» **Extracted entries**
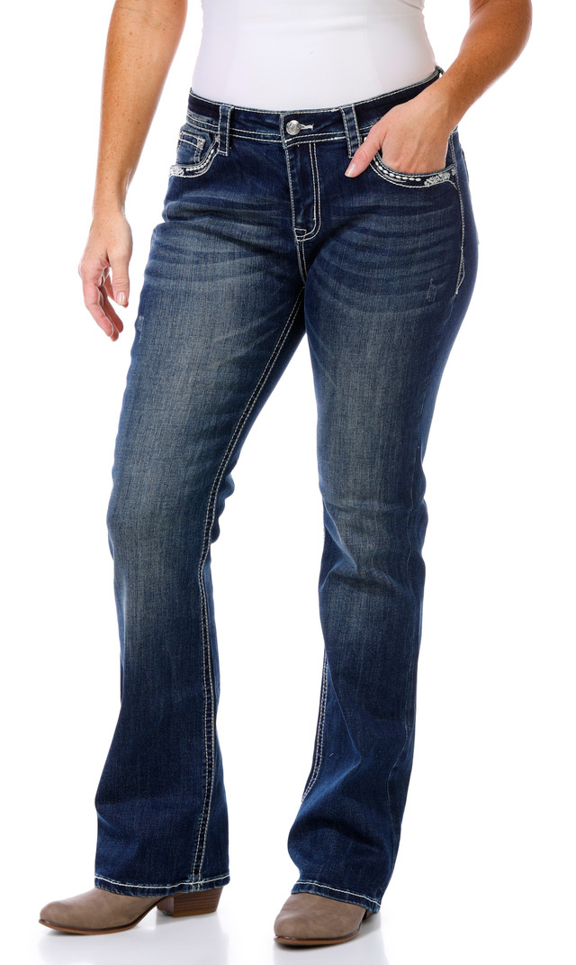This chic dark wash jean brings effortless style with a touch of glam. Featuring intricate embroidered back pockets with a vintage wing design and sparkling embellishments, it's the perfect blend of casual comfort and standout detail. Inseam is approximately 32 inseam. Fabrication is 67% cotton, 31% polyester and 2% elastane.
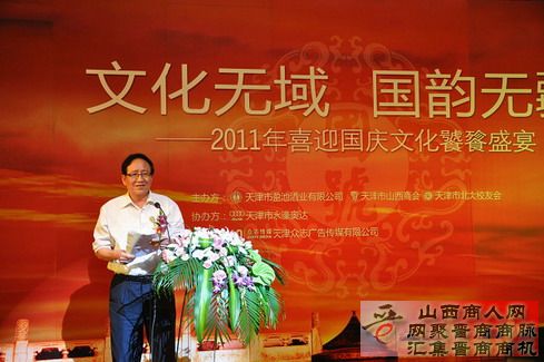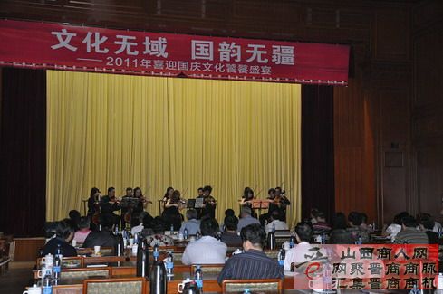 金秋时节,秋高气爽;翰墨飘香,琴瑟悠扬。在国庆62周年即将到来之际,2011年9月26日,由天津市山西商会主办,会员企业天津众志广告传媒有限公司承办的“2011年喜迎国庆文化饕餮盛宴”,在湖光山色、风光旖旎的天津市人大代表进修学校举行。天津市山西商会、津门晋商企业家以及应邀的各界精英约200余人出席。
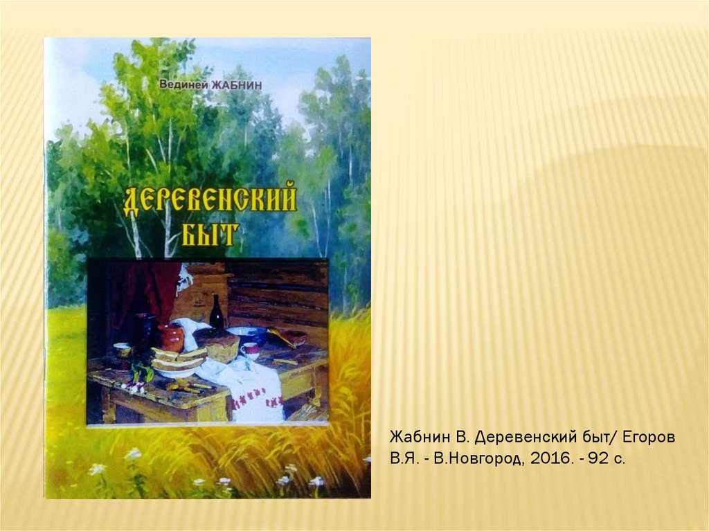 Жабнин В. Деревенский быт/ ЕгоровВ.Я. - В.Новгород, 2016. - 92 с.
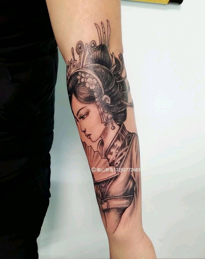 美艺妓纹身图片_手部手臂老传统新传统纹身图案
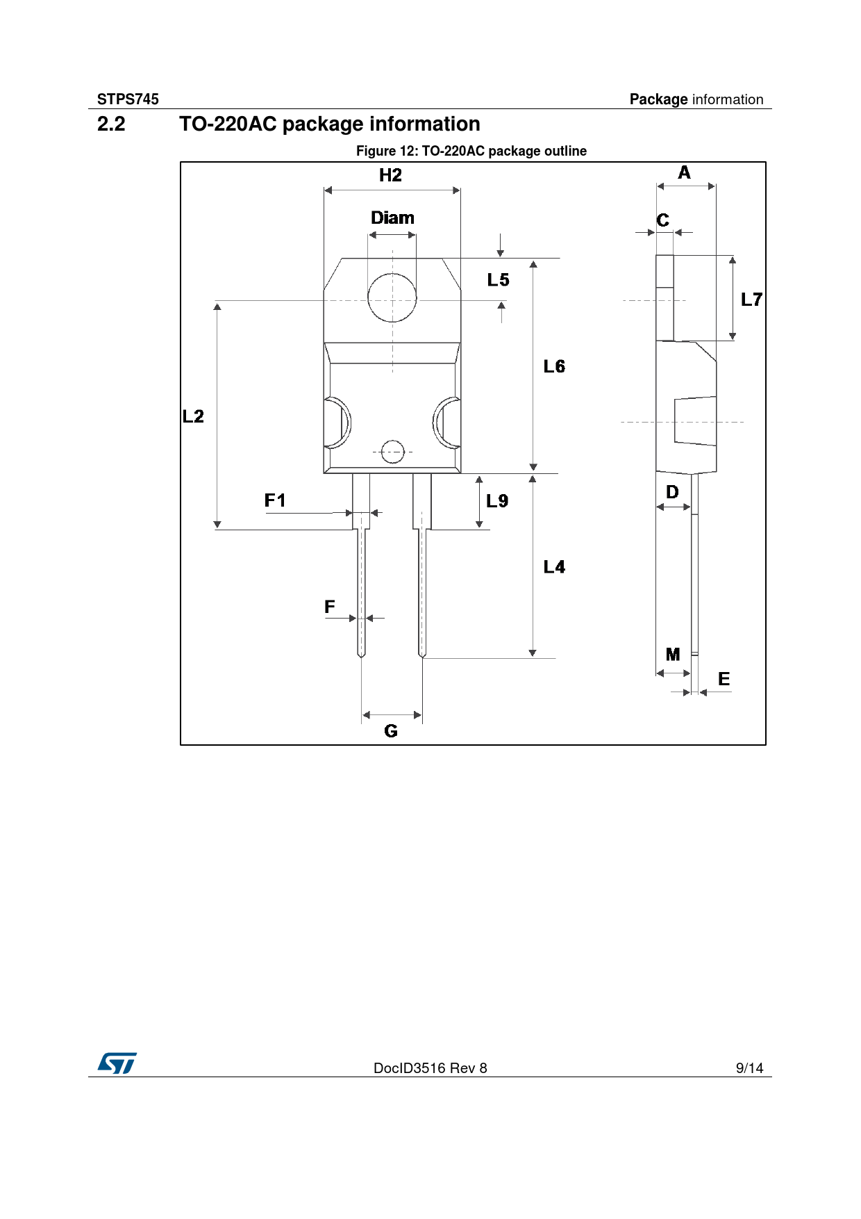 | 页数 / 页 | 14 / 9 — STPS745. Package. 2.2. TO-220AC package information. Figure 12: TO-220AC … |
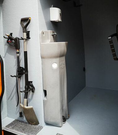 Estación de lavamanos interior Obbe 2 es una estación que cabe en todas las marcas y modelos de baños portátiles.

» **Exercise**
In your answer, print the entries above exactly, with the pictures left out.

» **The answer**
This chic dark wash jean brings effortless style with a touch of glam. Featuring intricate embroidered back pockets with a vintage wing design and sparkling embellishments, it's the perfect blend of casual comfort and standout detail. Inseam is approximately 32 inseam. Fabrication is 67% cotton, 31% polyester and 2% elastane.
 金秋时节,秋高气爽;翰墨飘香,琴瑟悠扬。在国庆62周年即将到来之际,2011年9月26日,由天津市山西商会主办,会员企业天津众志广告传媒有限公司承办的“2011年喜迎国庆文化饕餮盛宴”,在湖光山色、风光旖旎的天津市人大代表进修学校举行。天津市山西商会、津门晋商企业家以及应邀的各界精英约200余人出席。
 Жабнин В. Деревенский быт/ ЕгоровВ.Я. - В.Новгород, 2016. - 92 с.
 美艺妓纹身图片_手部手臂老传统新传统纹身图案
 | 页数 / 页 | 14 / 9 — STPS745. Package. 2.2. TO-220AC package information. Figure 12: TO-220AC … |
 Estación de lavamanos interior Obbe 2 es una estación que cabe en todas las marcas y modelos de baños portátiles.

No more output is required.